How does the single-drive, RAID 0, and RAID 1 compare between various chipsets? How does each chipset's performance scale moving from single-drive configurations to striped and mirrored two- and even four-drive arrays? Join me in an epic journey through nearly 200 performance graphs as we uncover the answers.
Lining up the competitors
Before we dive into the stack of graphs I've prepared, let's take a brief moment to go over the chipsets we'll be looking at today. I've highlighted a couple of key differences in a handy little table:
|Serial ATA ports||RAID support||Interconnect|
|Intel ICH5R||2||0, 1||Accelerated Hub Architecture (266MB/sec)|
|NVIDIA nForce3 250Gb||2, additional 2 via optional PHY||0, 1, 0+1, JBOD||HyperTransport (6.4GB/sec)|
|SiS SiS964||2||0, 1||MuTIOL (1.06GB/sec)|
|VIA VT8237||2, additional 2 via optional SATALite interface||0, 1, 0+1, JBOD||Ultra V-Link (1.06GB/sec)|
Starting at the top, we have Intel's ICH5R, which can be found in 875 and 865-series chipsets for Pentium 4 processors. Intel was the first to bring Serial ATA RAID to core logic chipsets, and it should be interesting to see how the ICH5R's performance holds up more than a year after its release. It should also be interesting to see how the ICH5R's performance compares with the competition given the chipset's relatively puny 266MB/sec interconnect between north and south bridge chips. With each of the ICH5R's Serial ATA ports capable of pushing 150MB/sec, interconnect bandwidth could be a rare commodity.
After the relatively old school ICH5R, it's only fitting that NVIDIA's brand new nForce3 250Gb is next on our list. The 250Gb a single-chip design with two Serial ATA ports, plus support for two more SATA ports via an external PHY interface. It's unclear how many mobo manufacturers will actually go the four-port route with the 250Gb, but we'll examine four-drive RAID 0 and 0+1 performance with our nForce3 250Gb reference board because there's nothing like the hum of four Raptors spinning away.
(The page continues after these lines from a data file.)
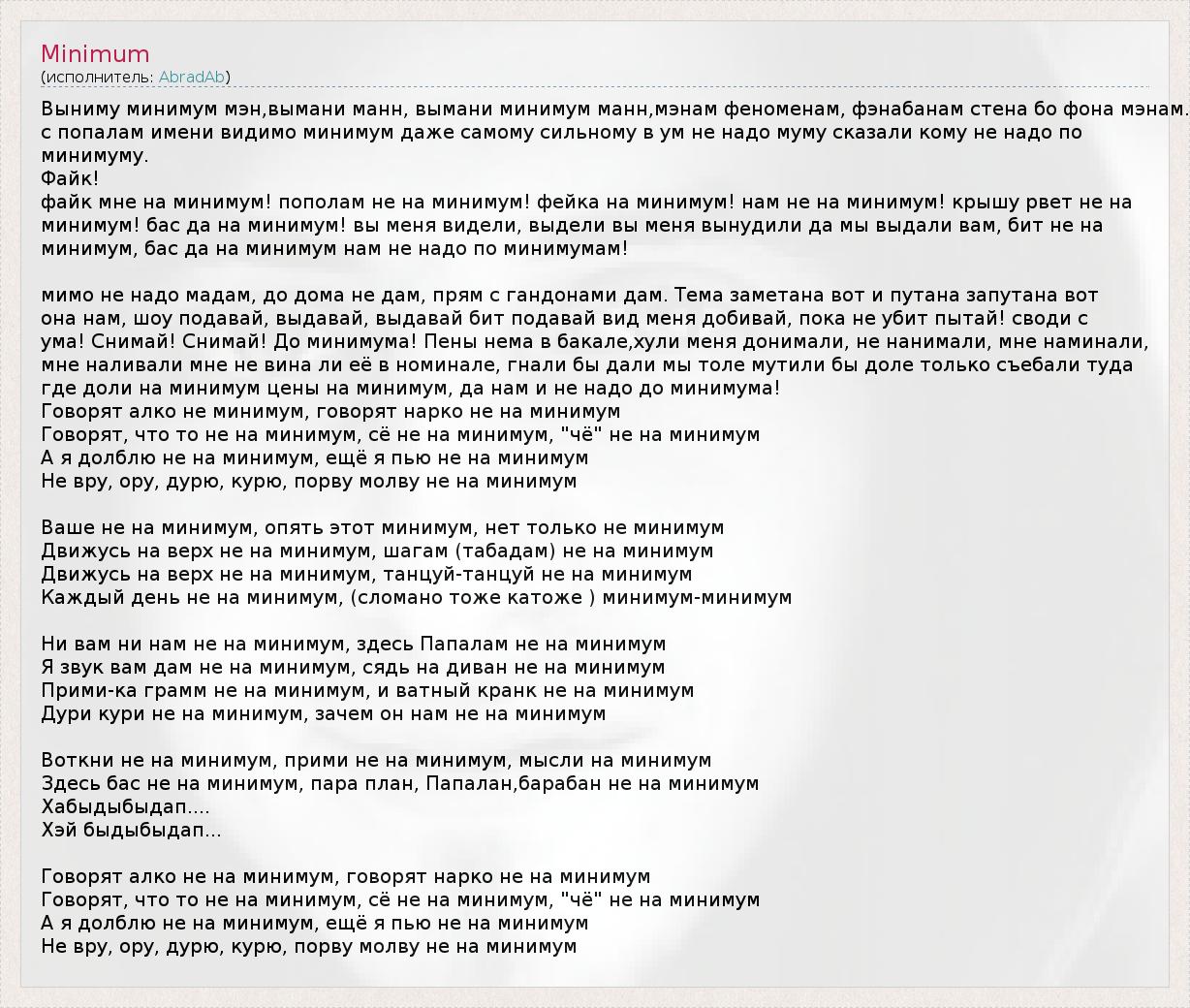 файк мне на минимум! пополам не на минимум! фейка на минимум! нам не на минимум! крышу рвет не на
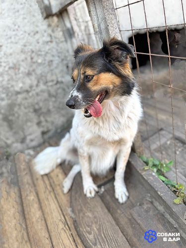 Размером ниже колена, сейчас живет вместе с другими собачками в приюте, дружелюбная и совсем не шумная — практически не лает.
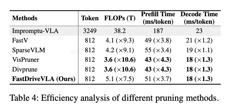 实验结果显示,在不同剪枝比例下,FastDriveVLA 在 nuScenes 开环规划基准测试中均取得了 SOTA 性能。FastDriveVLA 也非常高效,当视觉 token 数量从 3249 减少至 812 时,FastDriveVLA 的 FLOPs 直降约 7.5 倍;在 CUDA 推理延迟方面,FastDriveVLA 将预填充(prefill)时间减少了 3.7 倍、将解码(decode)时间减少了 1.3 倍,显著提升了推理效率。
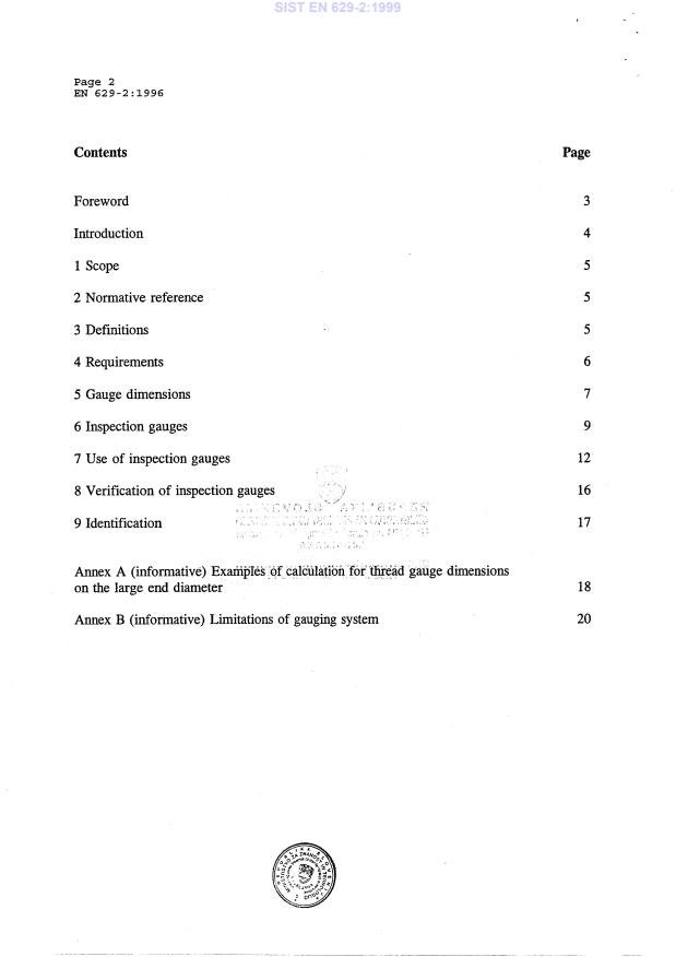 EN 629-2:1996 is a standard published by the European Committee for Standardization (CEN). Its full title is "Transportable gas cylinders - 25E taper thread for connection of valves to gas cylinders - Part 2: Gauge inspection". This standard covers: This European Standard specifies types, dimensions and principles of use of gauges, to be used in conjunction with the taper thread specified in EN 629-1. Annex A provides examples of calculations for thread gauge dimensions on the large end diameter. Annex B draws attention to the limitations of the gauging system specified.
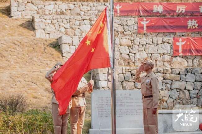 大皖新聞?dòng)?10月1日上午,抗美援朝老兵及其子女、港澳臺(tái)同胞代表以及天柱山游客、志愿者在天柱山愛園舉行。伴隨著莊嚴(yán)雄壯的國歌,鮮艷的五星紅旗緩緩升起,在湛藍(lán)的天空上高高飄揚(yáng),全體人員面向國旗莊嚴(yán)敬禮。他們凝視著鮮紅的國旗,表達(dá)最崇高的敬意,在“祖國母親 我想對您說”大型留言板上向祖國母親深情告白。
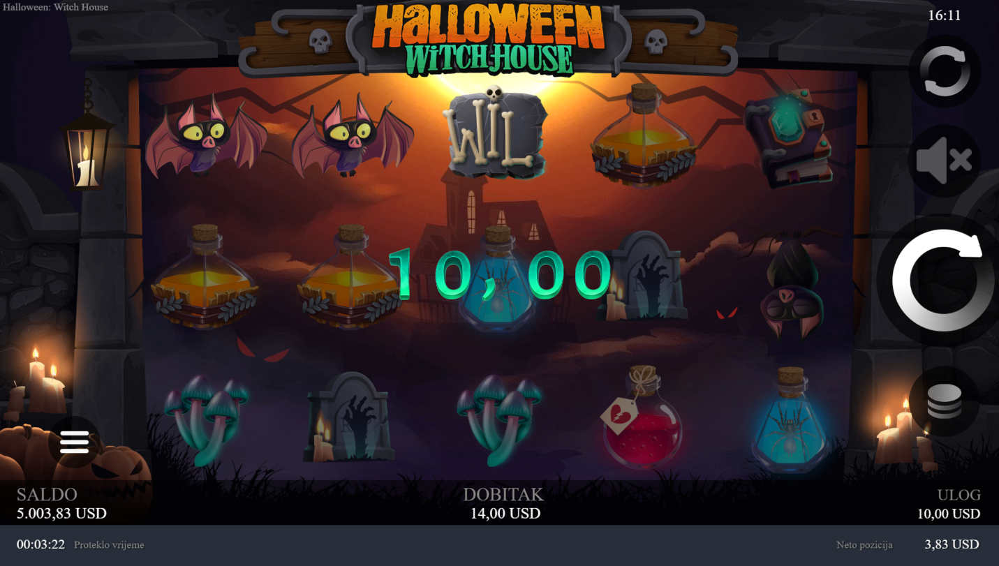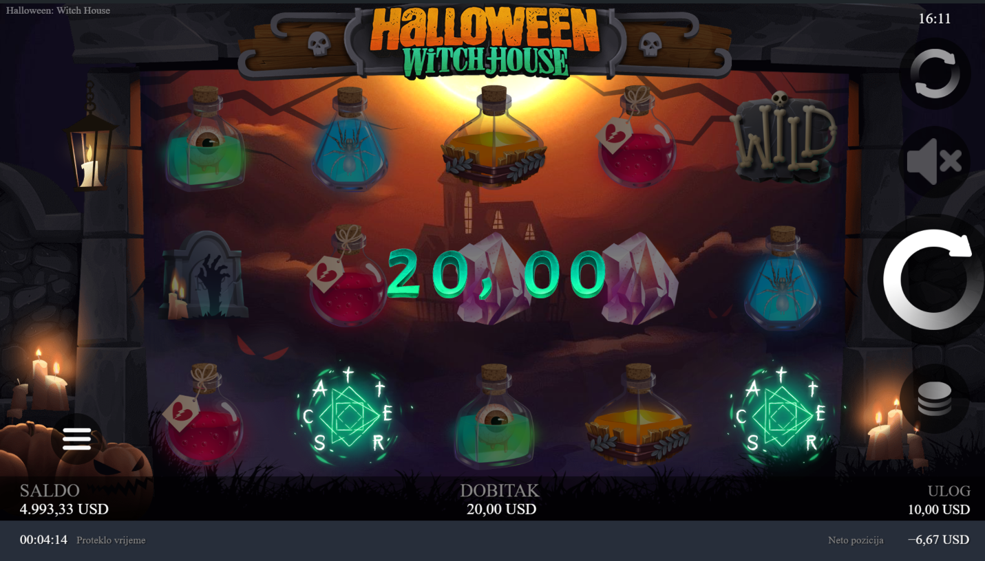 Halloween: Witch House od Chilli Games donosi mračni svijet vještičje kuće. To je slot igra koja spaja jezovitu atmosferu, mistične simbole i Halloween stilizaciju koja te privlači od prve slike. Svjetla svijeća, tamni tonovi i simboli poput čarobnih napitaka i misterioznih knjiga stvaraju osjećaj Noći vještica i ritualnog obreda. Svaka vrtnja donosi novi val napetosti i šarm mračne magije!

Moving along, we have SiS's SiS964 south bridge, which is available in both Pentium 4 and Athlon 64 chipsets. There's nothing particularly unique about the SiS964's capabilities when it comes to RAID support or interconnect speed. We've limited our testing of this south bridge to an Athlon 64 platform.
Finally, we have VIA's VT8237, which is available in a wide range of Pentium 4, Athlon XP, and Athlon 64 chipsets. Like the nForce3 250Gb, the VT8237 supports four Serial ATA ports by way of an external PHY interface. However, I was unable to find a motherboard that actually made use of more than the south bridge chip's two internal Serial ATA ports, so our VT8237 testing was limited to two-drive arrays. Since the VT8237 is widely available for different processor platforms, I've tested an Intel-based implementation in the PT880 chipset and an Athlon 64 implementation in the K8T800 chipset.
That sums up the competitors we'll be looking at today. If your head is spinning and you have no idea what RAID is, let alone the difference between RAID 0, 1, and 0+1 arrays, I suggest you check out the RAID school section of our IDE RAID round-up for the lowdown.